Flurry of Changes Expected When Bill Hits Senate Panel

Proposed amendments to the financial reform bill are due today at noon, but rumors are already swirling about changes that the Senate Banking Committee will consider when it votes on the legislation Thursday.

Amendments are expected that would broaden powers for operating subsidiaries, crack down on unitary thrifts, reform the Federal Home Loan Bank System, and confront other contentious issues, lobbyists and Capitol Hill sources said.

Other amendments could involve rollbacks of community reinvestment requirements, broader securities powers for banks, and removal of a requirement that banks offer low-cost checking accounts, the sources added.

But delay remains a possibility. Despite the committee's assertions that the vote will occur as scheduled, some observers predicted it would be postponed.

Two committee members are developing proposals to resolve the impasse between the Treasury Department and Federal Reserve Board over powers for direct operating subsidiaries of banks, sources said.
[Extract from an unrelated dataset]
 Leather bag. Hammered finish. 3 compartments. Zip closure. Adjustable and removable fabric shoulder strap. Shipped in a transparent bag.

The Clinton administration has threatened a veto if Treasury's concerns are not addressed.

Sen. Jack Reed, D-R.I., is considering a plan that would let operating subsidiaries do anything a national bank can do plus underwrite securities. An alternative would let them underwrite insurance too, and would require the top 50 banking organizations to use a holding company structure. Sen. Lauch Faircloth, R-N.C., may propose letting national banks underwrite securities.

Under either senator's plan, operating subsidiaries could neither conduct merchant banking activities, as the Treasury demands, nor develop real estate. The House handily defeated similar amendments before approving the overall legislation by one vote in May.
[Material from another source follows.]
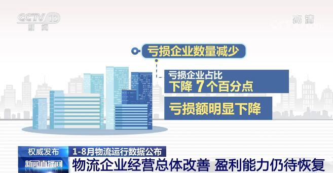 央视网消息:调查显示,物流企业业务保持恢复增长势头,相关收入有所改善,亏损企业数量持续减少,但小微企业盈利水平恢复依然相对较慢。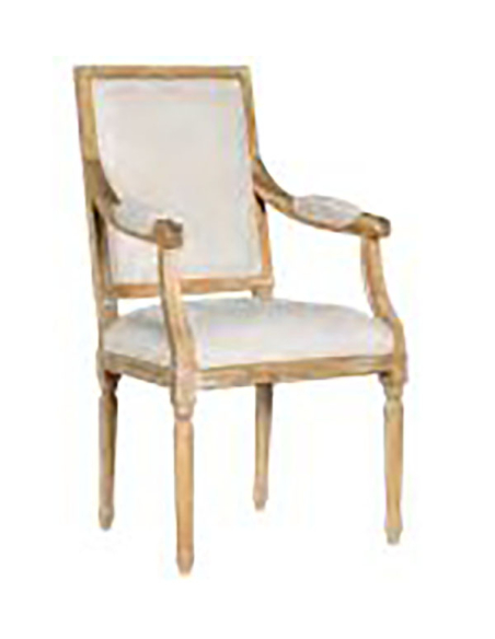 Conoce el Sillón Victoria en madera de roble color natural, tapizado en tela color beige, respaldo rectangular enmarcado en la misma madera, de estilo clásico. Un complemento ideal para la habitación o cualquier rincón de la casa al que queramos darle un toque de elegancia.

Gary E. Hughes, general counsel for the American Council of Life Insurance, told reporters Tuesday that some of these proposals "may be enough of a middle ground" to blunt a presidential veto. However, officials of the group vowed to oppose any effort to let operating subsidiaries underwrite insurance.
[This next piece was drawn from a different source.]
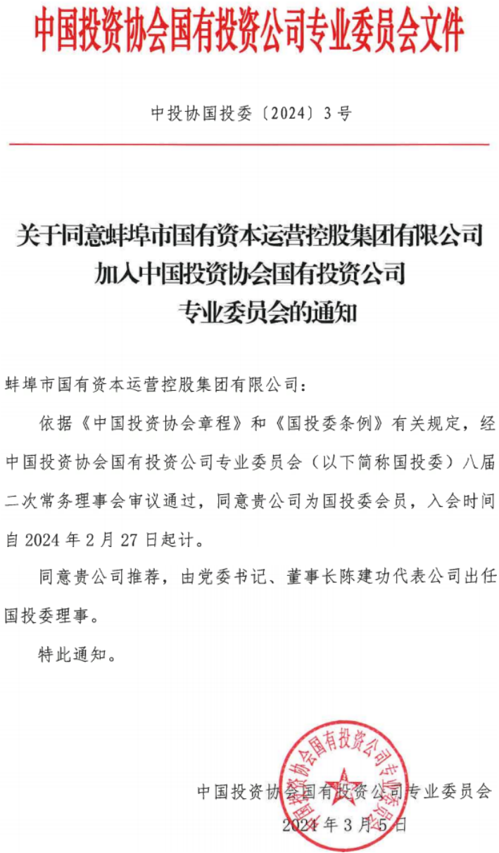熱烈祝賀蚌埠國控集團(tuán)加入中國投資協(xié)會國有投資公司專業(yè)委員會

Treasury Secretary Robert E. Rubin had been invited to meet with committee Republicans Wednesday, but Banking Committee Chairman Alfonse M. D'Amato decided Wednesday that the meeting was unnecessary, a Treasury source said. Turmoil in world financial markets had prevented Mr. Rubin from committing to the meeting.

Sources predicted that Sen. Paul S. Sarbanes, the committee's ranking Democrat, would seek to scale back powers for unitary thrift holding companies that would be granted under the bill that cleared the House in May. His plan would either prevent the transfer of ownership of unitary thrifts completely or at least prevent commercial companies from acquiring them, sources said.

In anticipation, a coalition of nearly 150 trade groups and thrifts on Monday urged Senate Banking Committee Chairman Alfonse M. D'Amato to oppose any limits on unitary thrift holding companies. They asked the committee to remove the provision in the House bill that would bar new unitary thrifts.

"For over 30 years the unitary thrift holding company has successfully served consumer needs," the letter said. "There is no justification for restructuring or terminating it."

Meanwhile, Senate Banking was still trying to reconcile disputes between the banking and insurance industries. Bankers and agents still disagree whether negotiated provisions to protect bank insurance sales from discriminatory state laws should override only future statutes or existing ones as well.

Officials of the life insurance group said this dispute would not derail the bill, and they also disputed comments by a senior Republican leadership aide Monday that Senate action on the bill was unlikely.

"We have heard all this before," said Philmore B. Anderson, a lobbyist for the group. "This issue has had a lot of problems, with lots of different affected industries. ... Enough of those problems have been addressed."